A Programmer’s Guide to Data Mining

Before you is a tool for learning basic data mining techniques. Most data mining textbooks focus on providing a theoretical foundation for data mining, and as result, may seem notoriously difficult to understand. Don’t get me wrong, the information in those books is extremely important. However, if you are a programmer interested in learning a bit about data mining you might be interested in a beginner’s hands-on guide as a first step.

That’s what this book provides. This guide follows a learn-by-doing approach. Instead of passively reading the book, I encourage you to work through the exercises and experiment with the Python code I provide. I hope you will be actively involved in trying out and programming data mining techniques. The textbook is laid out as a series of small steps that build on each other until, by the time you complete the book, you have laid the foundation for understanding data mining techniques.

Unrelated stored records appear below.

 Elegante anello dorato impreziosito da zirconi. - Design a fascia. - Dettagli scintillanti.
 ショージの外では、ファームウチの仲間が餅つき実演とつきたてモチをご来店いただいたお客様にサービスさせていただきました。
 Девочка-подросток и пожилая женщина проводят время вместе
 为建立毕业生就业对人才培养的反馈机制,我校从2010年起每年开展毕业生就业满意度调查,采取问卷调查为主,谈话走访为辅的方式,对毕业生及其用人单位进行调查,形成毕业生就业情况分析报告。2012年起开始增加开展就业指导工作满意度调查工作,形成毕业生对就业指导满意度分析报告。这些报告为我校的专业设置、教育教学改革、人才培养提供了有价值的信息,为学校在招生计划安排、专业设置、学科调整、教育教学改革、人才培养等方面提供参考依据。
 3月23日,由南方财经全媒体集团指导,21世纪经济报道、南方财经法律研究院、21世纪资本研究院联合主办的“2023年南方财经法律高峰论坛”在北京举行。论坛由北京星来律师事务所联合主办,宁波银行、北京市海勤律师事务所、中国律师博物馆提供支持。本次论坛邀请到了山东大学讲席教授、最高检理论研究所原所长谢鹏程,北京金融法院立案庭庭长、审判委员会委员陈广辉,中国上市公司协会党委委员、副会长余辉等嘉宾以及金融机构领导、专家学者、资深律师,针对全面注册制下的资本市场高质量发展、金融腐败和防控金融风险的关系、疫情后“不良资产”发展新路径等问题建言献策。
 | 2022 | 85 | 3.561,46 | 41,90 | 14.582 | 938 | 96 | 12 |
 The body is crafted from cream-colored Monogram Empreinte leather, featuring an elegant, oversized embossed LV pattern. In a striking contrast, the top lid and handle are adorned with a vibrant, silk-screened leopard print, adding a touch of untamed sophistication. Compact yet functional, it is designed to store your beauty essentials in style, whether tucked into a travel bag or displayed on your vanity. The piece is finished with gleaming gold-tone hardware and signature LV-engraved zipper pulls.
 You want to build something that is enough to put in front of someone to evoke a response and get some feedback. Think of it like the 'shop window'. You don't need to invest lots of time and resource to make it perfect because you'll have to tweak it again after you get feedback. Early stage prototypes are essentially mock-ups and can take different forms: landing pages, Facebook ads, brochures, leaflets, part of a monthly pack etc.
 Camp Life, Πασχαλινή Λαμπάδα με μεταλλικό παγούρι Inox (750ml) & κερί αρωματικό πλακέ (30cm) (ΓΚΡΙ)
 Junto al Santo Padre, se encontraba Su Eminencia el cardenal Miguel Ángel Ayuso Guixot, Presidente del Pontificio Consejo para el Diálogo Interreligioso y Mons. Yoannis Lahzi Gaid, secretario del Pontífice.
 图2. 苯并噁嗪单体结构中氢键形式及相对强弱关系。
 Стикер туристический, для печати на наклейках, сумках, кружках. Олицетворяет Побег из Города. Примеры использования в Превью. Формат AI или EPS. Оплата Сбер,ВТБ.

You might think that systems like Pandora, Amazon’s recommendations, and automatic data mining for terrorists, must be very complex and the math behind the algorithms must be extremely complex requiring a PhD to understand. You might think the people who work on developing these systems are like rocket scientists. One goal I have for this book is to pull back this curtain of complexity and show some of the rudimentary methods involved.

Granted there are super-smart people at Google, the National Security Agency and elsewhere developing amazingly complex algorithms, but for the most part data mining relies on easy-to-understand principles. Before you start the book you might think data mining is pretty amazing stuff. By the end of the book, I hope you will be able to say nothing special.